Storage has always been a passion of mine. In 2000, I was a card-carrying SNIA member and worked on an SNIA committee regarding certification paths for IT pros to prove their storage know-how. That was during my SAN/NAS days at CommVault Systems when I wrote "Enterprise Storage Solutions for Sybex" with Chris Wolf, a noted virtualisation expert at The Burton Group. Times have certainly changed, judging from last week's Storage Networking World, which laid bare the raft of troubles today's organisations face when it comes to storing sensitive data.

First off, sensitive data left unprotected in the enterprise is on the rise. It is amazing the number of internal-use databases that carry Social Security numbers, credit card information, and the like. When it comes to unauthorised access, these databases - SQL and Access in particular - are prime and constant targets.

"There are a number of ways enterprises and vendors have tried to address this problem," Michael Mesaros from Dataguise told me, "and they each have their strengths and weaknesses."

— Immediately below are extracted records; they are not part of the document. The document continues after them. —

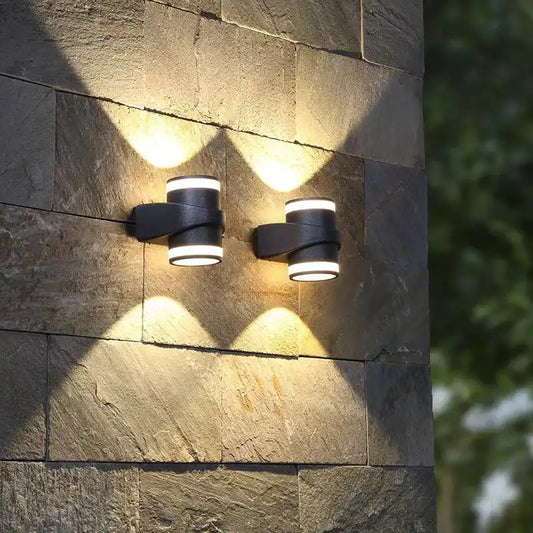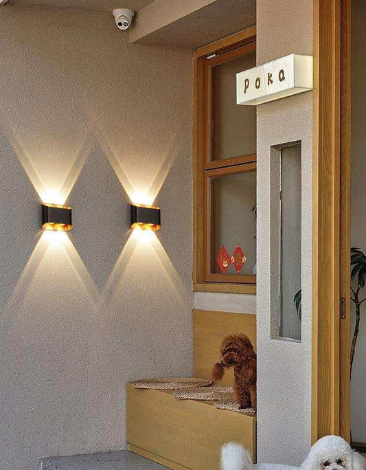 Hdc 2 Led Outdoor Black Gold Wall Lamp Up And Down Wall Light Waterproof (Warm White)
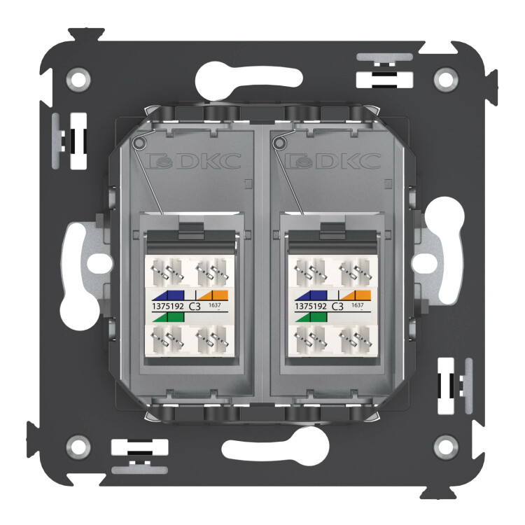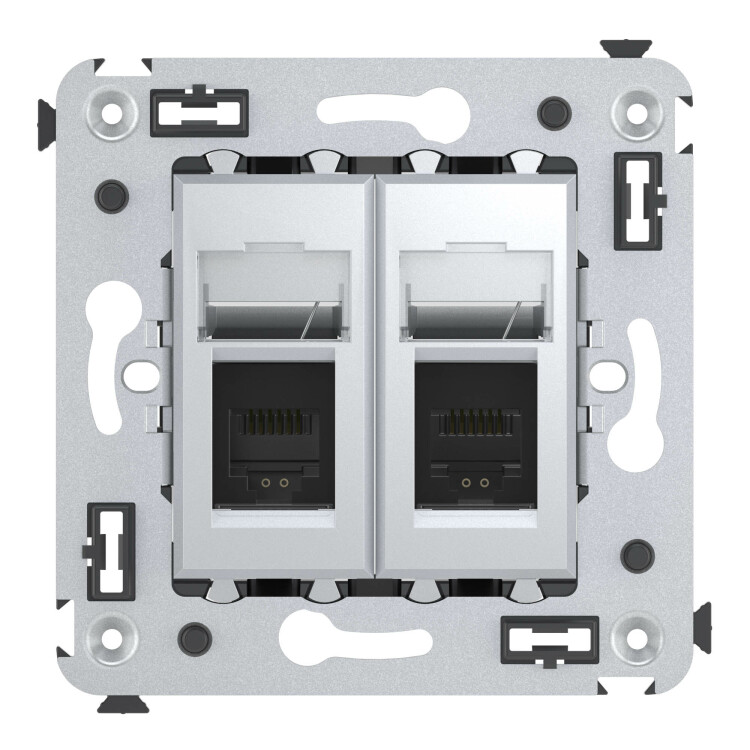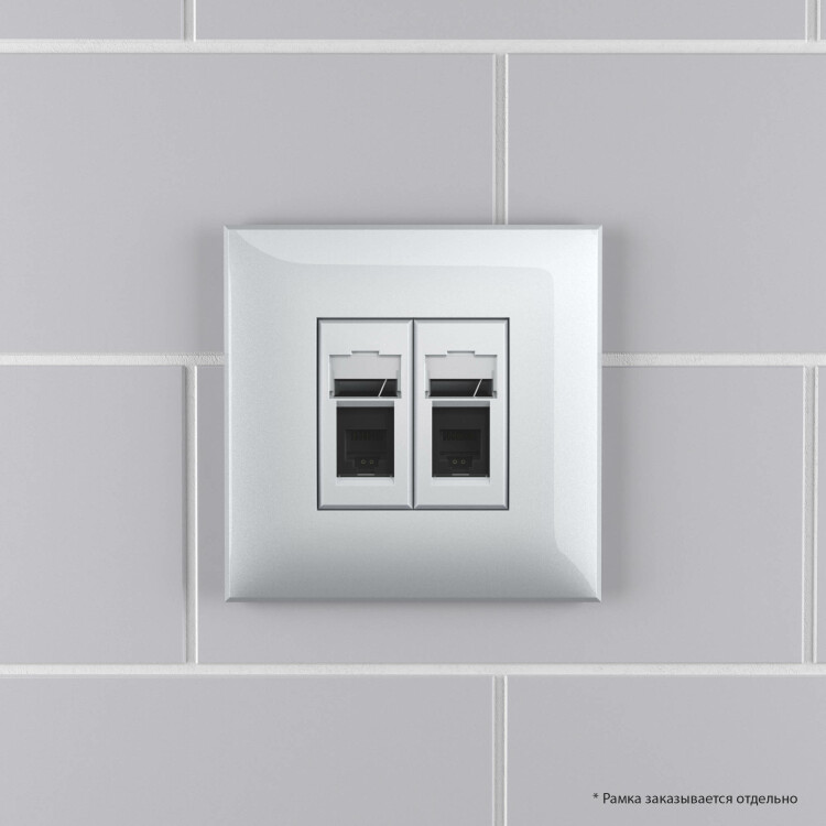 Телефонная розетка RJ-12 в стену двойная, "Avanti", "Закаленная сталь"
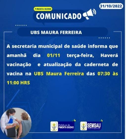 A secretaria municipal de saúde informa que amanhã dia 01/11
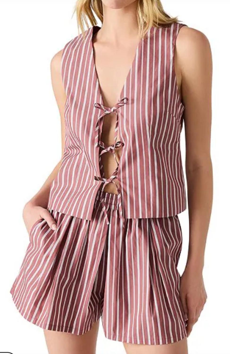 This classic tank top is perfect for layering and cute enough to wear on its own. Embrace a touch of retro elegance with the Aliza Top by STEVE MADDEN, tailored for the modern woman. This sleeveless tank top is crafted from premium cotton poplin and showcases a chic stripe print in a beautiful dusty brick hue. Designed with a stylish V-neckline and a tie front closure, it's perfect for warm summer days and effortless vacation wear. Care for it with a simple machine wash to keep this trending 90s fashion piece looking its best.
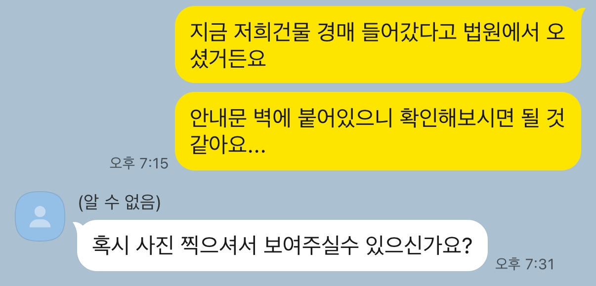 마철이는 그날 밤 단톡방에 경매개시결정문를 올렸다.
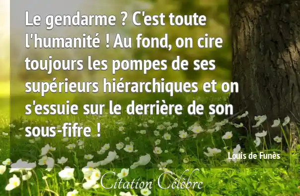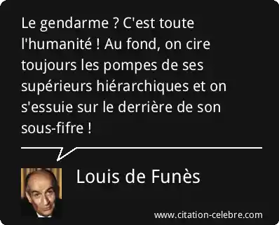 Le gendarme ? C'est toute l'humanité ! Au fond, on cire toujours les pompes de ses supérieurs hiérarchiques et on s'essuie sur le derrière de son sous-fifre !
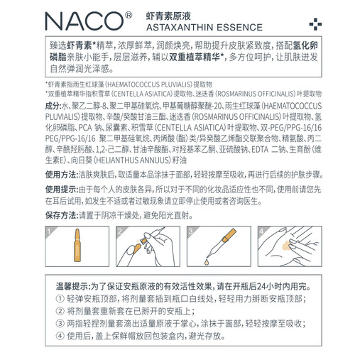 从积雪草中提取的精华成分,可以有效的抵御老化,还有很好的补水保湿作用。含有丰富的维生素E成分,为肌肤补充更多营养。
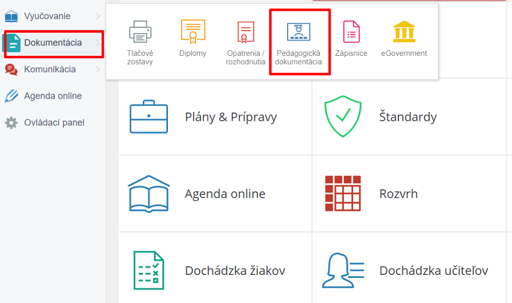 V ľavom menu zvoľte Dokumentácia/Pedagogická dokumentácia.

Mesaros continued, "Application firewalls monitor database activity and seek to prevent unauthorized data access by users and malware. This does little good in preventing the spread of sensitive data accessed by authorized users and applications, however. Database encryption protects data from disclosure via direct disk access; however, data must be decrypted to be used by an application, and if the data is visible to the user, it can be stolen or compromised. Finally, data loss prevention [DLP] technologies can crawl databases to find sensitive data, index it, and create data 'fingerprints,' so the data could be recognized at an egress or endpoint. The limitation of DLP, however, is in its ability to provide managers and analysts with a view of how sensitive data is organized within the application."

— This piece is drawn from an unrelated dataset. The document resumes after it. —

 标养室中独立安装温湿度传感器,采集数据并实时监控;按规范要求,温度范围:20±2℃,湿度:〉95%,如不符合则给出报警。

In response to this increasing problem, Dataguise DgDiscover first locates, then searches the databases deployed on a company's network, returning statistics regarding the volume and location of sensitive information, including credit card numbers, Social Security numbers, personal identifiers, and custom-defined data types. This information allows managers to track sensitive data at the application level. Also, DgDiscover provides an easy way to identify data that requires masking when copied from production servers for non-production use.

Admins then use DgMasker to select columns for masking, which are imported into DgMasker for fast masking-in-place. Masking with DgMasker allows enterprises to leverage application data for business analysis, test, development, and support activities without the risk of compromising sensitive information.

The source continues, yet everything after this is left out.